A report of an infant with a previously undescribed congenital malformation of the heart consisting of an aneurysm of the left sinus of Valsalva with rupture into the left atrium and associated atrial septal defects is presented. This cardiac anomaly, along with others in the literature, supplies evidence that sizable congenital aneurysms may arise from any of the three sinuses of Valsalva and may communicate directly with any of the four cardiac chambers, the pulmonary artery or the pericardial sac.

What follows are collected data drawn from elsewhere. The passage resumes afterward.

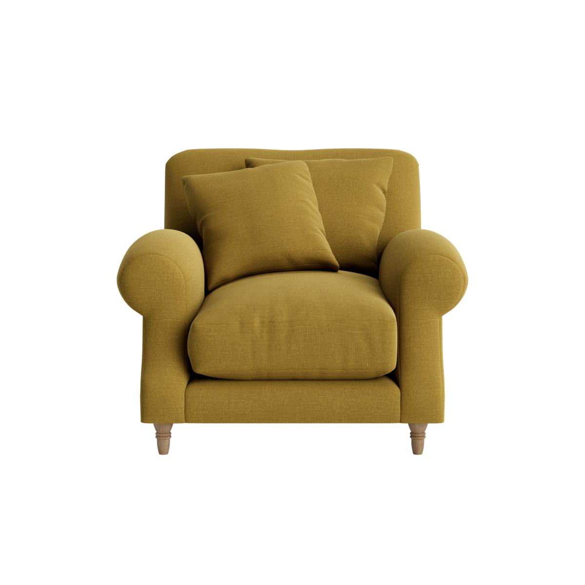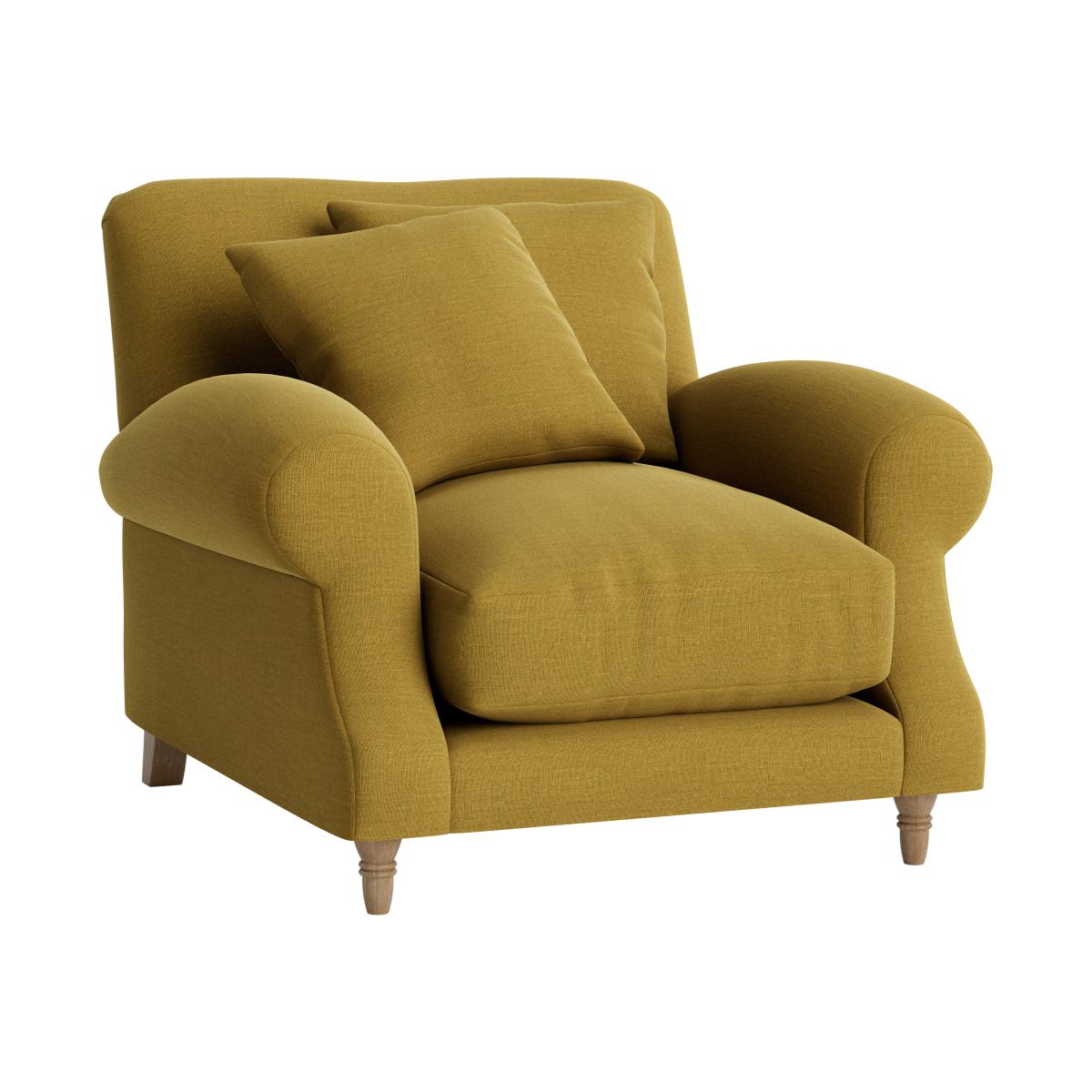 I love this armchair for its substantial, plush silhouette and versatile mustard tone, which can bring warmth and a pop of colour to both traditional and contemporary interiors. It works particularly well in cosy living rooms or reading nooks, where its inviting form invites you to sink in. To style it effectively, pair with neutral or patterned cushions to add texture, and consider placing it alongside layered rugs or antique furniture for a curated look. Practical tips include keeping accessories minimal to let the chair's shape shine or dressing it up with a soft throw for added comfort and style. Its sturdy build and timeless charm make it a practical choice for anyone wanting a statement, yet functional statement piece.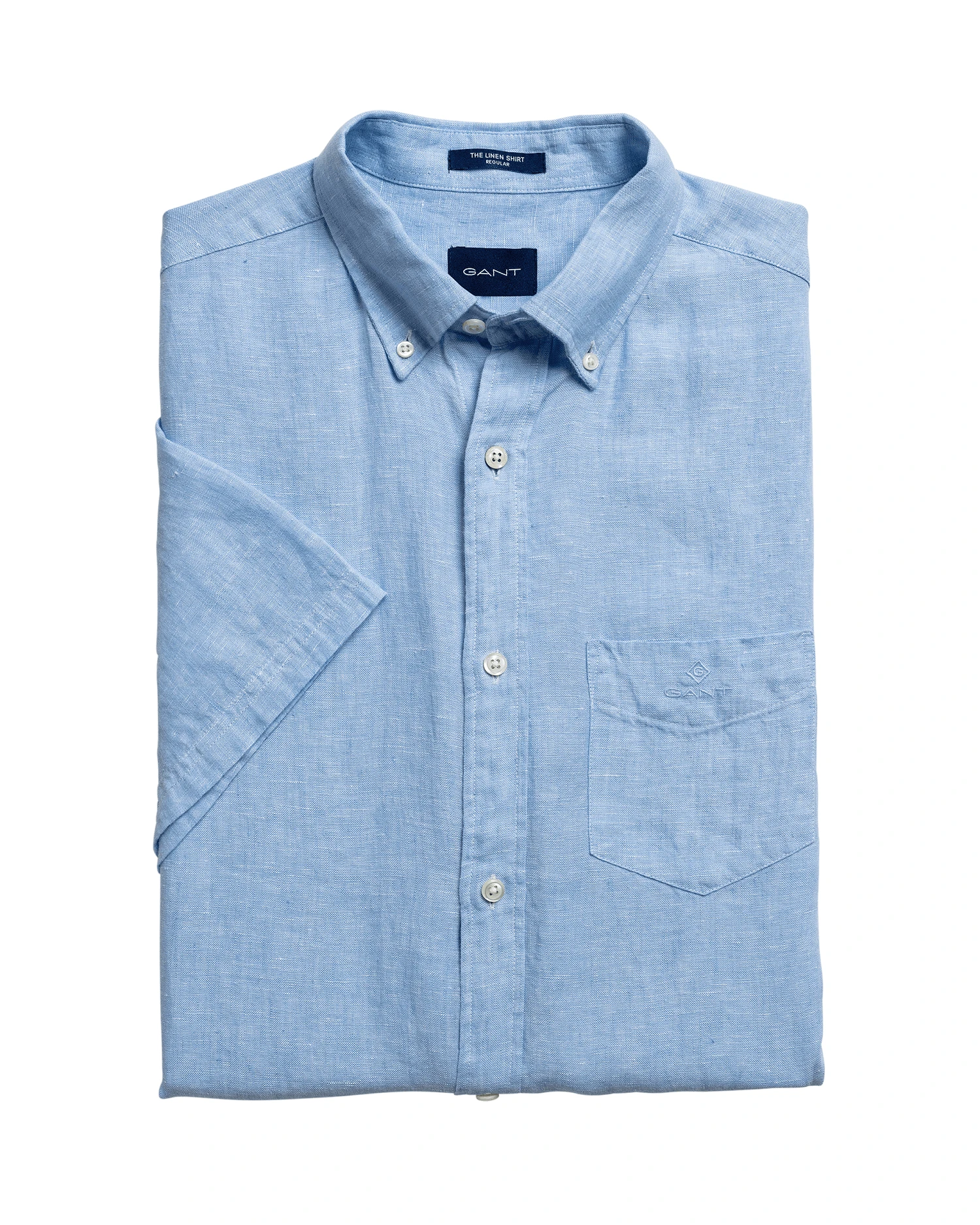 Gantin rento, lyhythihainen pellavapaita. Nappikulmakaulukset, yksi rintatasku ja helma pyöristetty.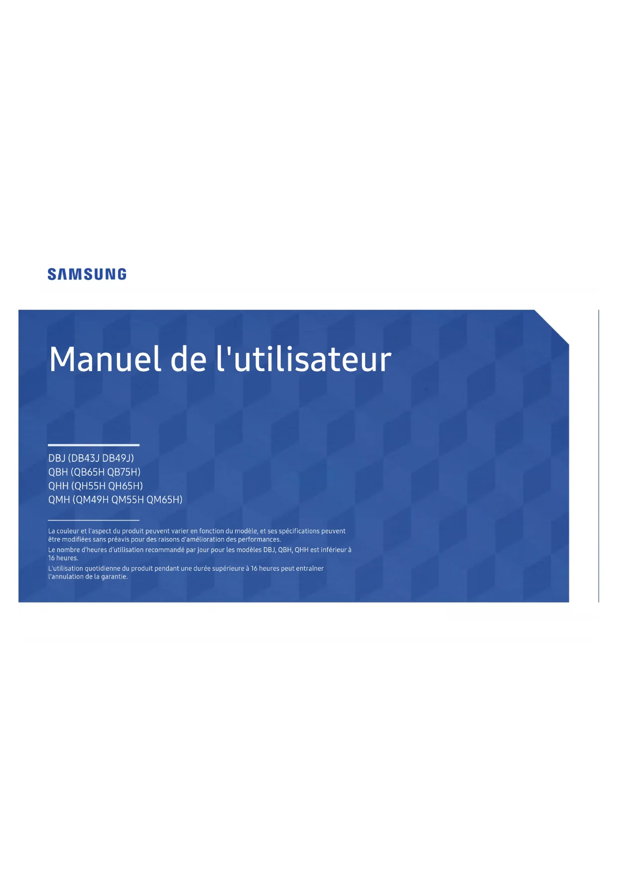 Manuel de l'utilisateur La couleur et l'aspect du produit peuvent varier en fonction du modèle, et ses spécications peuvent être modiées sans préavis pour des raisons d'amélioration des performances. Le nombre d’heures d’utilisation recommandé par jour pour les modèles DBJ, QBH, QHH est inférieur à 16 heures. L'utilisation quotidienne du produit pendant une durée supérieure à 16heures peut entraîner l'annulation de la garantie. DBJ (DB43J DB49J) QBH (QB65H QB75H) QHH (QH55H QH65H) QMH (QM49H QM55H QM65H)Table des matières Avant utilisation du produit Copyright 6 Consignes de sécurité 7 Nettoyage 7 Stockage 8 Électricité et sécurité 8 Installation 9 Fonctionnement 11 Préparatifs Vérification des composants 14 Composants 14 Pièces 15 Panneau de configuration 15 Face arrière 19 Verrou antivol 22 Télécommande 23 Avant d'installer le produit (Guide d'installation) 25 Angle d'inclinaison et rotation 25 Ventilation 25 Installation du support mural 27 Préparation préalable à l'installation du support mural 28 Installation du support mural 28 Spécifications du kit de montage mural (VESA) 29 Télécommande (RS232C) 30 Connexion du câble 30 Branchement 33 Codes de contrôle 34 Connexion et utilisation d'un périphérique source Avant d'effectuer la connexion 42 Points à vérifier avant la connexion 42 Connexion à un PC 42 Connexion à l'aide d'un câble HDMI 42 Connexion à l'aide d'un câble DP 43 Connexion à l'aide d'un câble DVI (type numérique) 43 Connexion à l'aide d'un câble HDMI-DVI 44 Branchement à un moniteur externe 45 Connexion à un appareil vidéo 46 Connexion à l'aide d'un câble HDMI-DVI 46 Connexion à l'aide d'un câble HDMI 47 Branchement à un système audio 47 Guide de connexion du cordon d'alimentation 48 Fixation du boîtier réseau (vendu séparément) 49 Connexion du boîtier réseau (vendus séparément) 50 MagicInfo 50 Modification de la source d'entrée 52 Source 52 Web Browser 53 Espace de travail distant 54 Utilisation de MDC Installation/désinstallation du programme MDC 55 Installation 55 Désinstallation 55 Connexion à MDC 56 Utilisation de MDC via RS-232C (normes de transmission de données série) 56 Utilisation de MDC via Ethernet 57 Fonctionnalités Lecteur Lecteur 59 Visualisation du contenu 59 Pendant la lecture de contenu 60 Menu disponible 60 Formats de fichiers compatibles avec Lecteur 61 Programmation 66 Cloner le produit 67 Paramètres ID 68 ID périphérique 68 Définit. auto ID périph. 68 2Table des matières Câble de connexion au PC 68 Mur d'images 69 Mur d'images 69 Horizontal x Vertical 69 Position écran 70 Format 70 État du réseau 71 Mode Image 72 Progr. act./désact. 73 Progr. activ. 73 Progr. désact. 74 Gestion des vacances 74 Téléscripteur 75 Lancement de l'URL 76 Paramètres du lanceur d'URL 77 Approbation d'un périphérique connecté depuis le serveur 78 Réglage de l'heure 79 Réglage de l'écran Mode Image 80 Rétroéclairage / Contraste / Luminosité / Netteté / Couleur / Teinte (V/R)
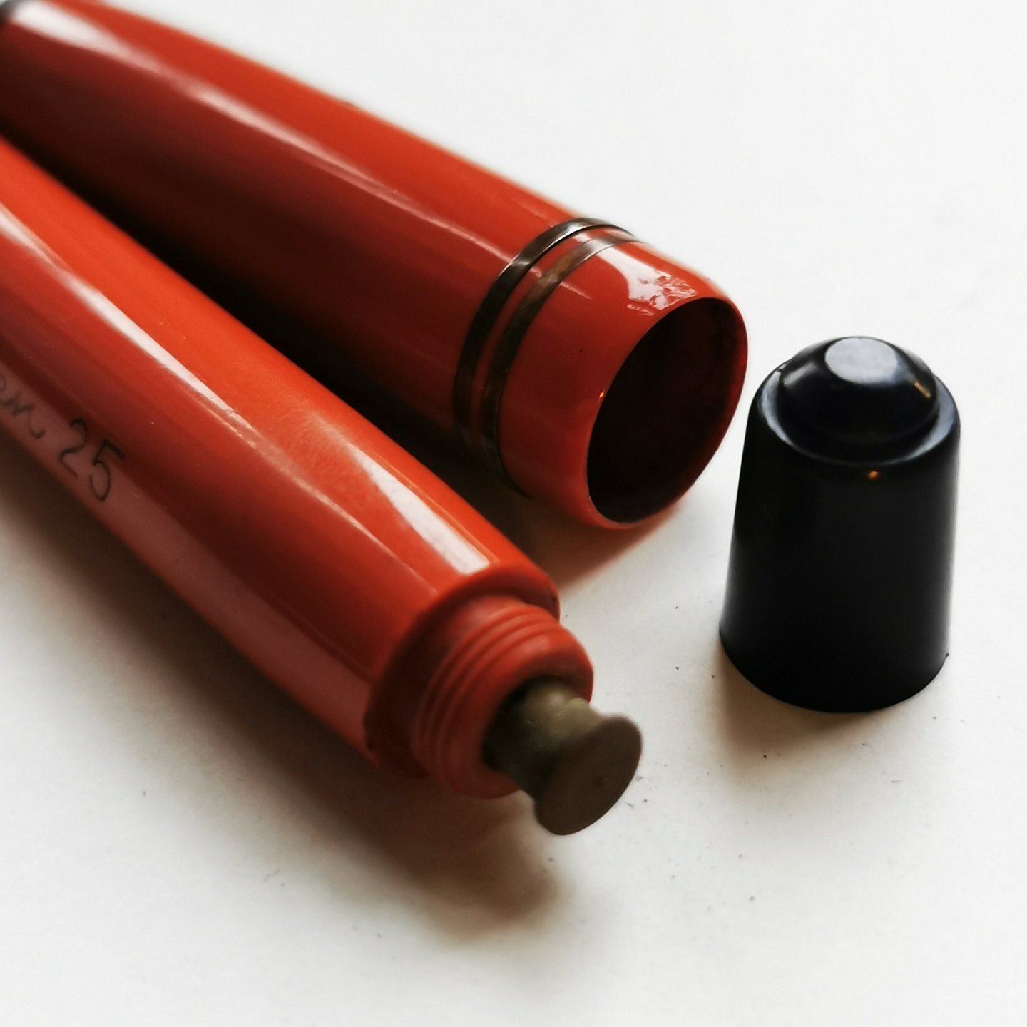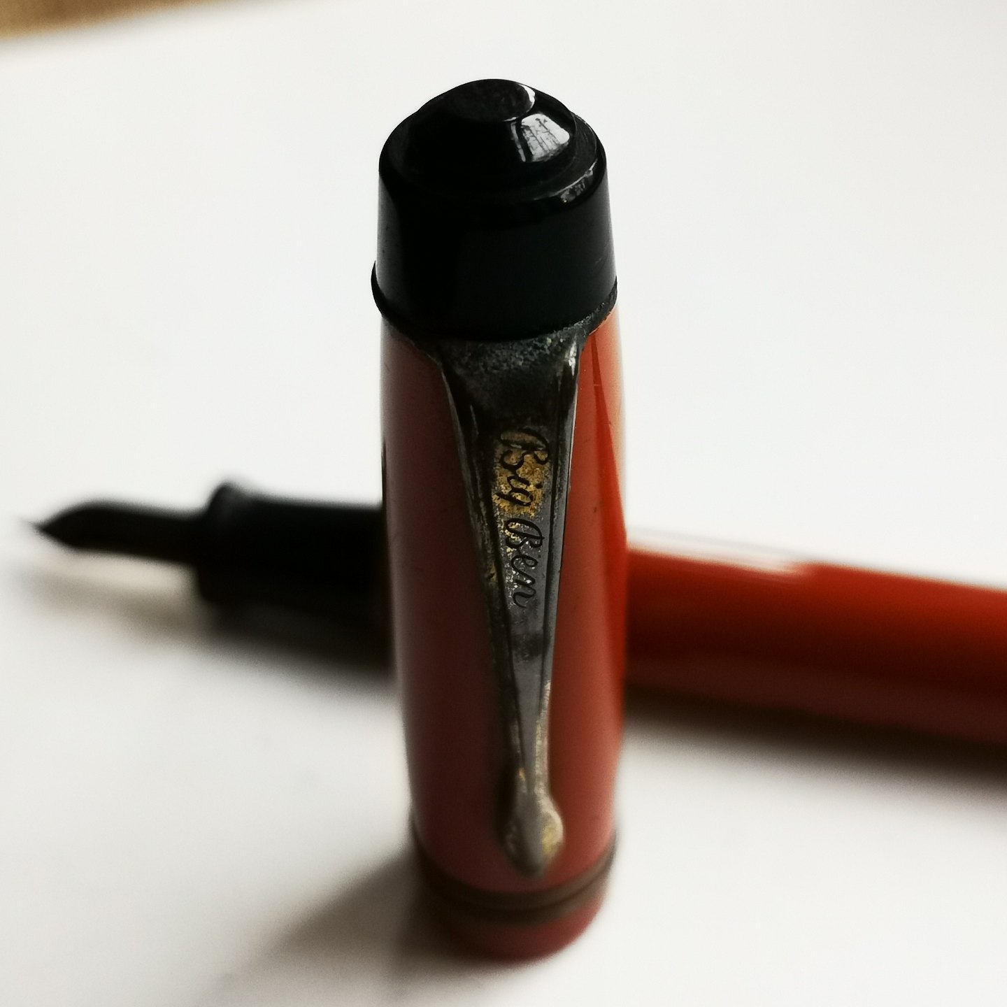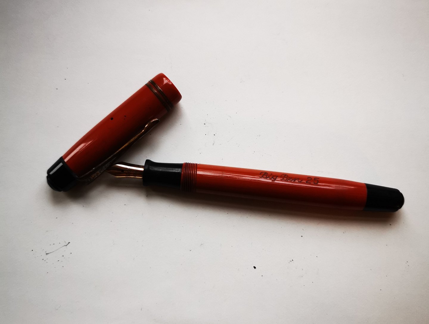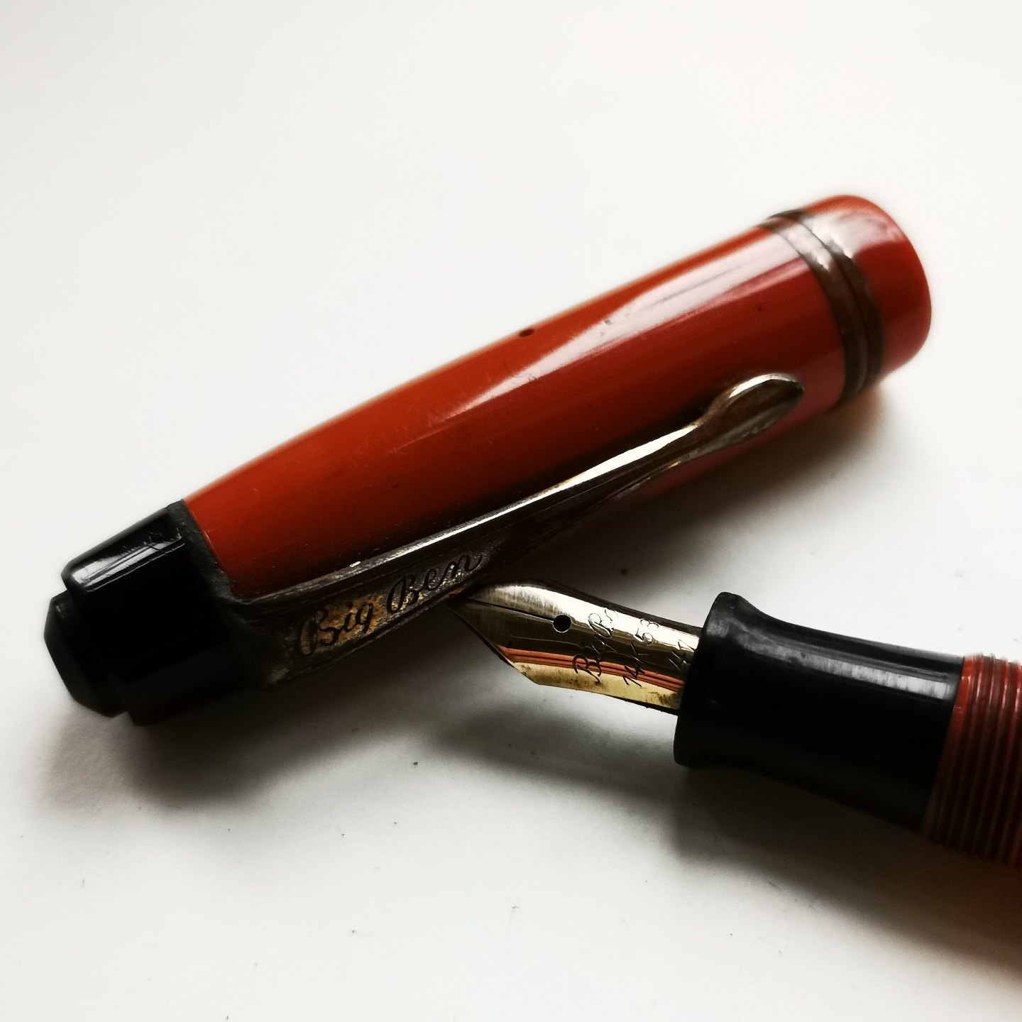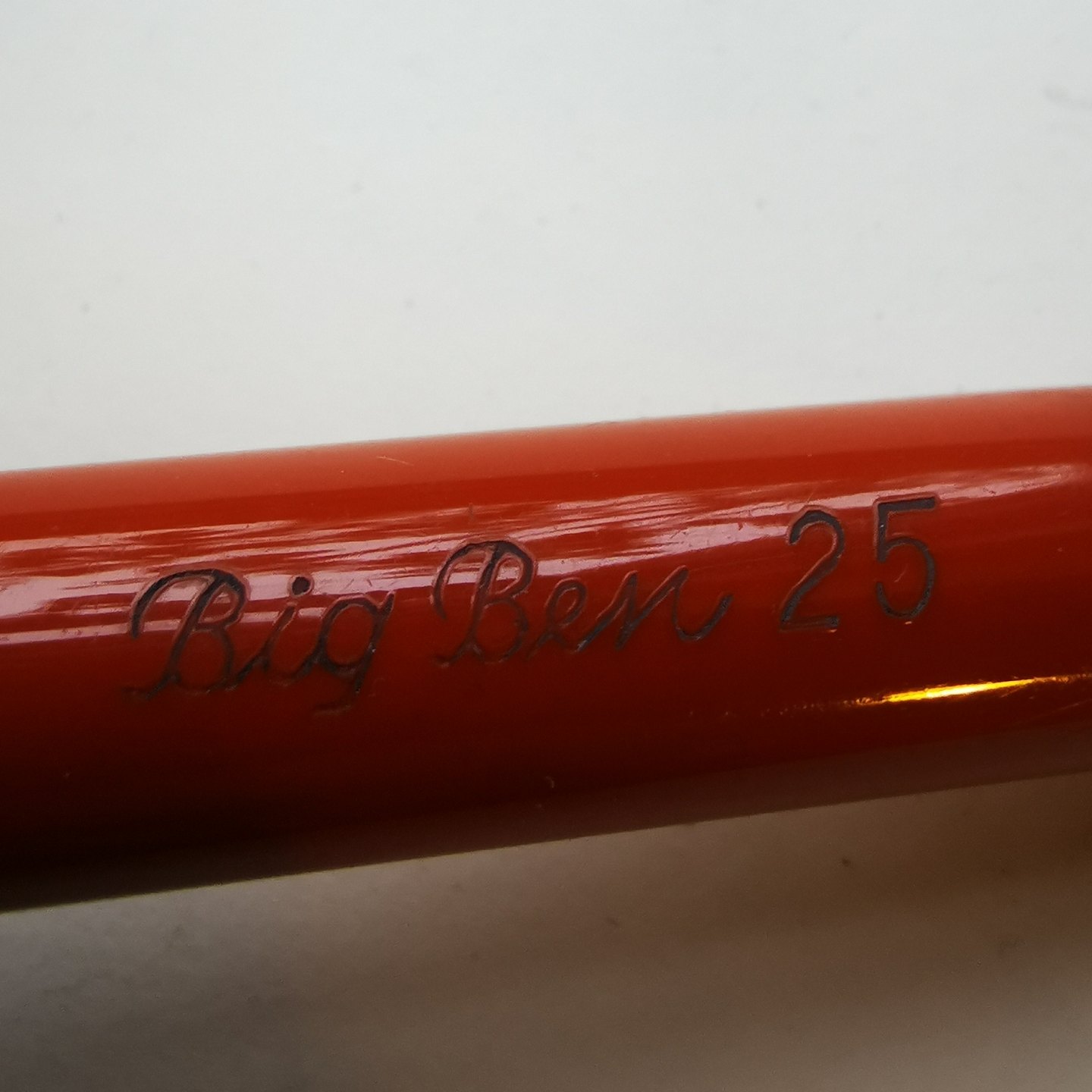 Koralrød Big Ben nr. 25 fyldepen. "Push button filler" Fremstår i god stand uden skader eller reparationer. Alle dele originale Big Ben inclusive en 14 karat guldspids. L. 13 cm (5.11 tommer).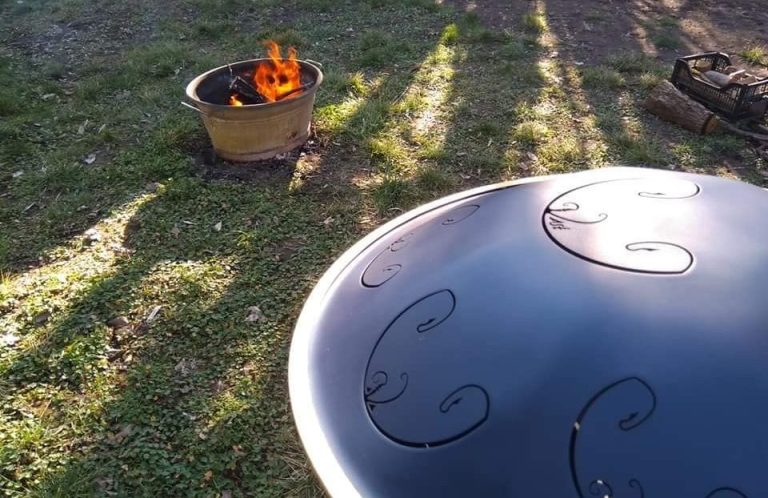 Regelmäßige Präsenztreffen am Feuer in Gruppenarbeit mit Klangtherapeutin (Handpan, Gitarre und Klangschalen).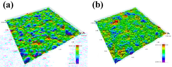 In addition, the 3D surface topographies of the two kinds of samples are shown in Figure 3a,b, respectively. Notably, CSP and DSP both bring about rough surfaces with numerous peaks and dents. Compared to the CSP sample shown in Figure 3a, the dents on the DSP sample, shown in Figure 3b, are smaller and denser. The detailed surface roughness values were obtained in Table 3. After CSP, the surface roughness values, Ra and Rz, are 4.76 and 31 μm, respectively. By applying the DSP technique, the surface roughness values, Ra and Rz, decreased to 2.53 μm and 12 μm, respectively. The Rz value was significantly reduced by 61.5%. It suggests that micro-ceramic shots weakened the height of the extruded ridges induced by CSP. It is widely accepted that the increase in surface roughness will enlarge the stress concentration factor and accelerate the initiation of fatigue sources to the surface of the material [32], thus deteriorating the fatigue properties, corrosion resistance, and corrosion fatigue. Consequently, in most cases, the control of surface roughness of shot-peened components is an effective strategy to prolong their service life in industry.

Other contiguous intrathoracic structures should also be considered potential sites of ruptures. Such a consideration may prevent some instances of congenital aneurysms from being missed simply because they have not been reported. Embryologic factors are briefly discussed as is the possibility that the patient may represent a variant of Marfan's syndrome. Surgical implications are also mentioned.

The patient reported presents a clinical syndrome that should be recognizable during life if the possibility of an aortic to left atrial shunt is kept in mind. The findings included evidence of heart disease soon after birth, a loud continuous murmur and thrill present maximally in the left axilla, bounding peripheral pulses and a wide pulse pressure. Roentgenograms showed marked cardiomegaly involving all cardiac chambers, a bulge in the cardiac silhouette to the left of the main pulmonary artery, and marked pulmonary vascular engorgement. There was electrocariodgraphic evidence of atrial and combined right and left ventricular hypertrophy. Cardiac catheterization revealed a peculiar pressure gradient between the left and right atria in spite of an atrial septal defect with a left-to-right shunt. Venous angiocardiograms and retrograde aortograms were not diagnostic, although a more adequate aortographic dye injection would have demonstrated the defect. Retrograde arterial catheterization should also permit an accurate diagnosis.